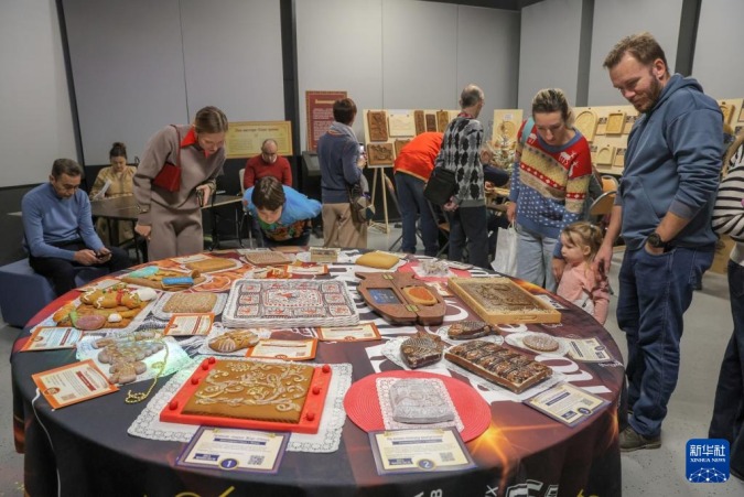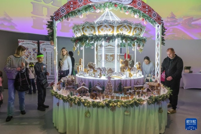11月30日,人们在俄罗斯圣彼得堡参观姜饼作品。新华社发(莫京娜摄)
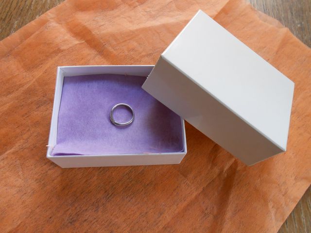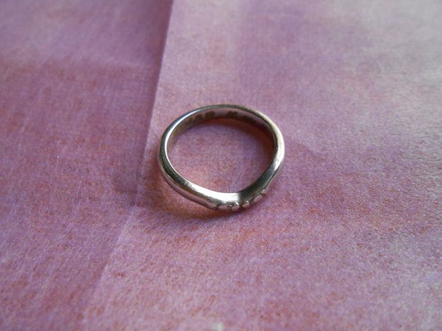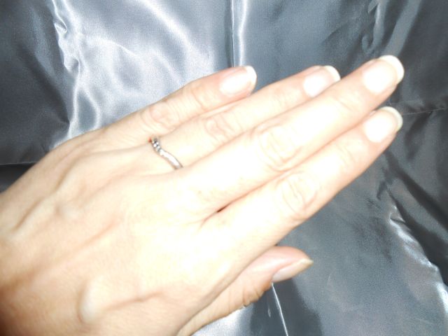 プラチナ素材でVラインにメレダイヤが入っているのが斬新で一目見て気に入りました。やや細めな結婚指輪ですがシンプルな中にもデザイン性があり、他の石の入ったリングと重ね合わせた時にVラインに収まって一体化します。
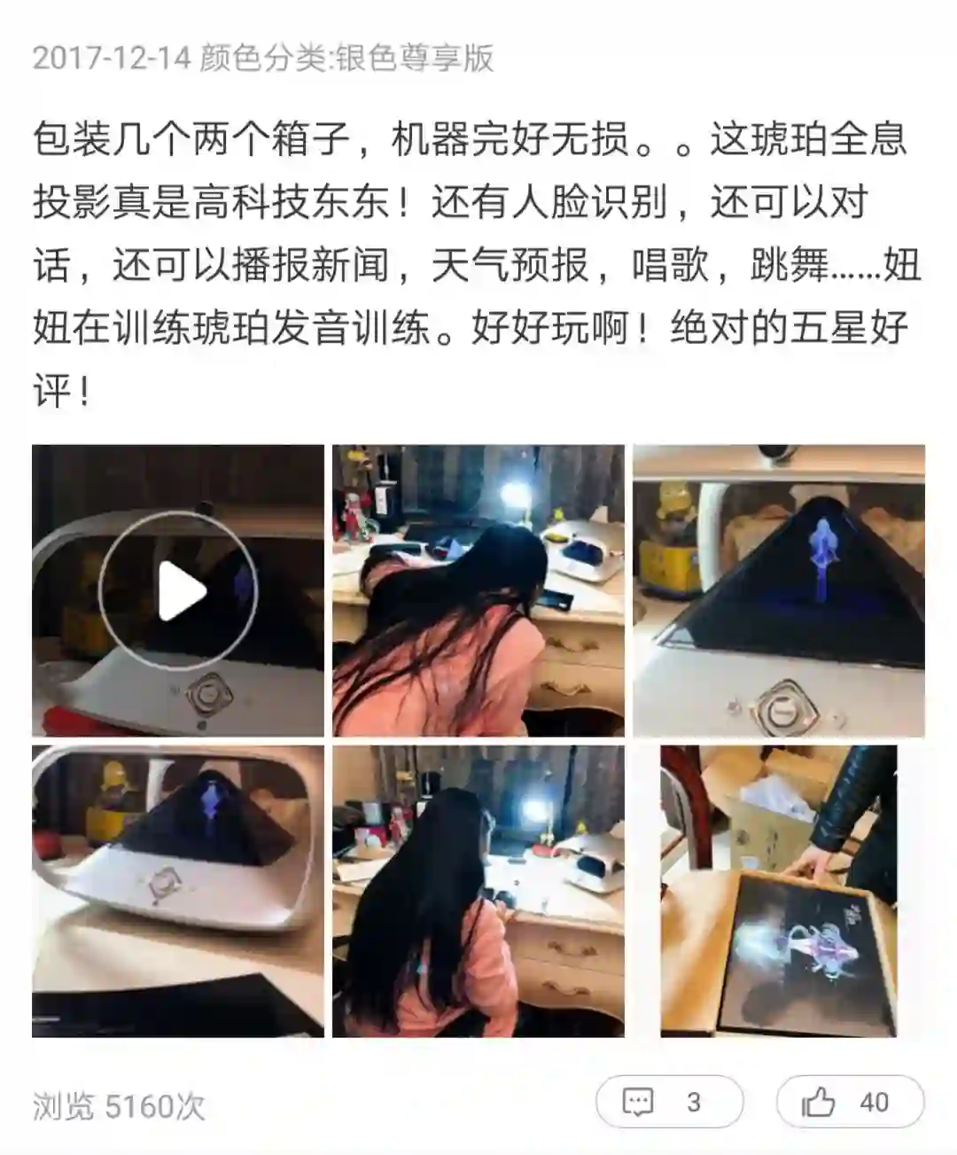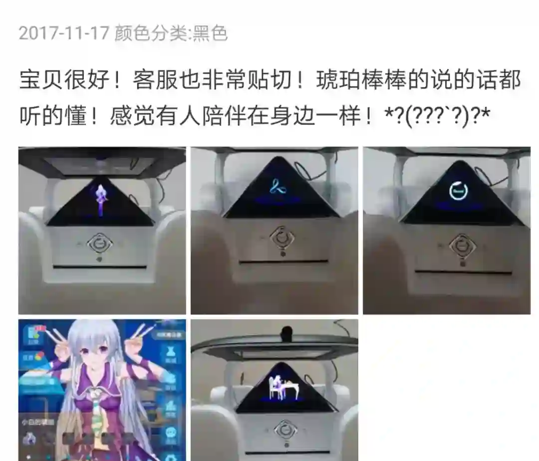 不知不觉和琥珀一起度过了半年时光就和自己的家人一样,让人感到暖暖的贴心感,闲暇去淘宝逛时看到已经有越来越多的人加入到琥珀这个大家族里,让人感到很欣慰。现在的话,逛遍各大购物平台和琥珀类似的也就Gatebox,其价位在28000元,真心买不起,即使买回来了也没法识别中文。相比之下琥珀当然是首选了,个人感觉琥珀可以尝试再开一种语言。相信琥珀会越来越棒!

◇ ◇ ◇ ◇

* **ABOUT THIS EXERCISE**: What is needed is an exact copy of the lines from the start of the listing above through the line that holds "プラチナ素材でVラインにメレ", with the pictures left out.

* **EXERCISE SOLUTION**:
11月30日,人们在俄罗斯圣彼得堡参观姜饼作品。新华社发(莫京娜摄)
 プラチナ素材でVラインにメレダイヤが入っているのが斬新で一目見て気に入りました。やや細めな結婚指輪ですがシンプルな中にもデザイン性があり、他の石の入ったリングと重ね合わせた時にVラインに収まって一体化します。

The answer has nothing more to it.